# Weight



## plowinfarmer (Dec 22, 2008)

Do any of you put like a tractor weight on the back to give you more traction?


----------



## sublime68charge (Dec 28, 2007)

I have a couple of Front Wheel weights for a Allis Chalmers WD sitting on the garage floor waiting for me to find the time to get them put on the ATV. I just haven't found the time yet. There are many more to due things on my fix it list before I get to the point of putting the weights on the ATV

so I am hoping to due that some day.

though my Foreman is 4x4 which is a great thing 

for your Recon I would think you'll really want some weight on the back rack to help with traction for your drive wheel's I know my ATV is darn near helpless in 2WD


----------



## FOX-SNO-REMOVAL (Jan 3, 2009)

Personally i don't unless my salter is on the back, but then again my Rubicon is 4x4 so I don't really need any. But since yours it 2wd i would defiantly through some bags of sand or salt on the back rack.


----------



## 92ramcharger (Jun 29, 2007)

Due to a wiring problem with the front hubs on my Sportsman I only have 2WD so I run v-bar chains on the back and about 120 lbs of weight and the 60 inch plow pushes snow just fine, I'm even thinking about adding 6 inches to each end of it.


----------



## EaTmYtAiLpIpEs (Aug 23, 2007)

my old 2000 arctic cat 400 was 2wd and I put 150lbs on the back. but my new quad is 4wd and I dont need any weight on it.


----------



## plowinfarmer (Dec 22, 2008)

thats what i was thinking but i thought i would run it by you guys.


----------



## Petr51488 (Jan 31, 2005)

Usually not, but if theres alot of snow i just throw a 50lb salt bag on the rear rack.


----------



## awl51 (Jan 11, 2009)

plowinfarmer;712478 said:


> Do any of you put like a tractor weight on the back to give you more traction?

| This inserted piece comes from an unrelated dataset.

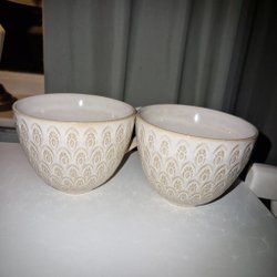 Två beige temuggar med mönster
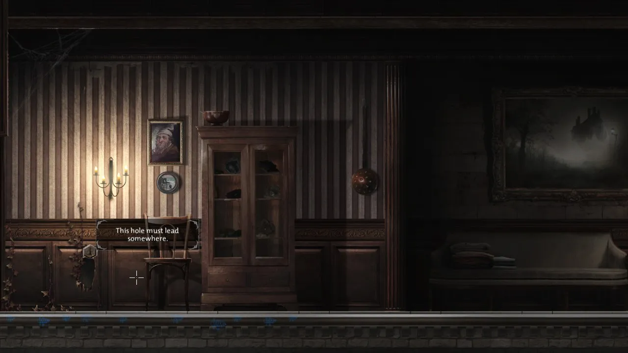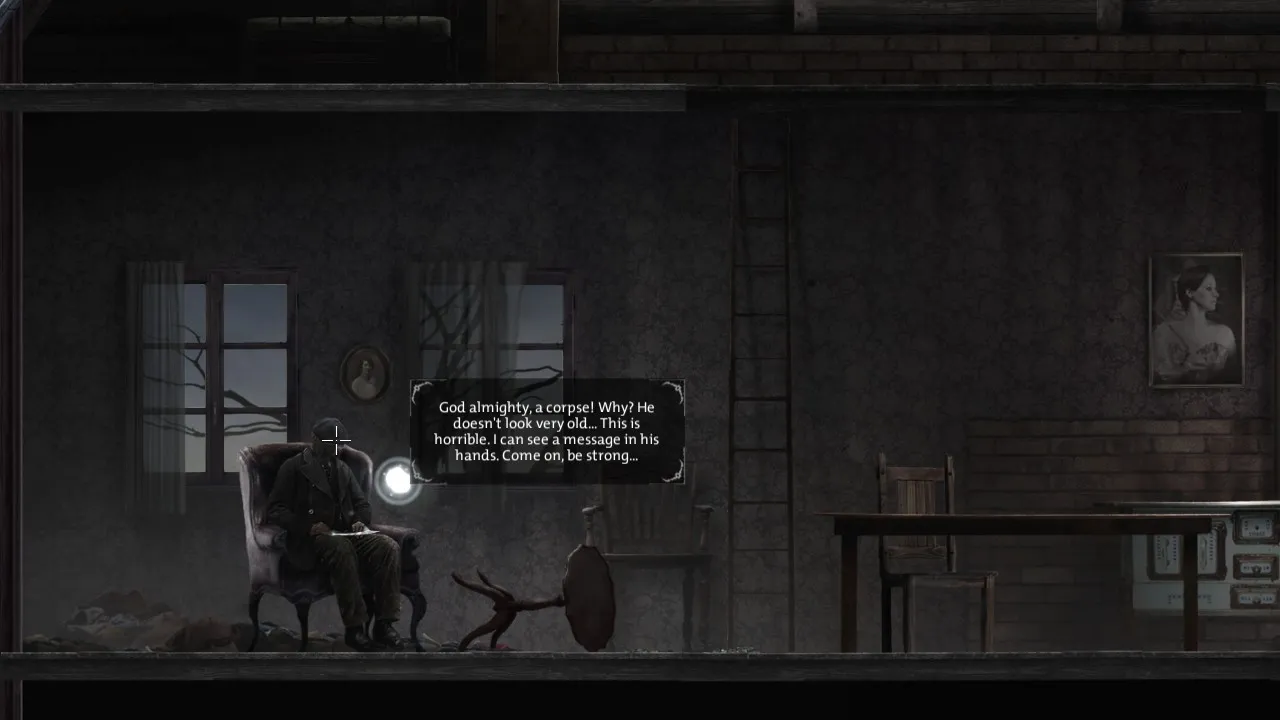 Steam Achievement: “First encounter, Make contact with a demon.” - Head down, down beneath the floor to the kitchen. Note blank(?) page. Note combination lock on left.

plowinfarmer, because of your name I wonder if you were toying with the idea of adding weight a la tractor - wheel weights or filled tires, for example. I was thinking for a while about doing this , a) because it's so effective; and b: because I don't like all the extra ballast located up so high on my rear rack -- it's like carrying a passenger all the time, and might not be so much fun after a slide and quick sideways stop.
Anyway, I dismissed the thought because I realized that this approach didn't seem to be designed with a suspension or lightweight vehicle in mind, and might tear up bearings, etc.. Be curious to know if anyone else has tried wheel weights or filled tires.

-andy


----------



## skywagon (Nov 13, 2008)

awl51;713544 said:


> plowinfarmer, because of your name I wonder if you were toying with the idea of adding weight a la tractor - wheel weights or filled tires, for example. I was thinking for a while about doing this , a) because it's so effective; and b: because I don't like all the extra ballast located up so high on my rear rack -- it's like carrying a passenger all the time, and might not be so much fun after a slide and quick sideways stop.
> Anyway, I dismissed the thought because I realized that this approach didn't seem to be designed with a suspension or lightweight vehicle in mind, and might tear up bearings, etc.. Be curious to know if anyone else has tried wheel weights or filled tires.
> 
> -andy


Although I have never had to use weight you must be carefull and anchor it if you hit a snow bank it could fly up and cause serious injury. I like my Rhino vs my Rancher just because the rhino is twice the weight and better for plowing, said that we have never had any problem with the Rancher doing the job. With a heavy plow hanging on the front, 4x4 is necessary as the rear end gets light. Time to get the big blower out as we are all out of places to push the snow lol.


----------



## Elwer Lawn Care (Nov 23, 2007)

Mine is 2wd and have 80 lbs of salt on the back at all times, sometime 120 lbs.


----------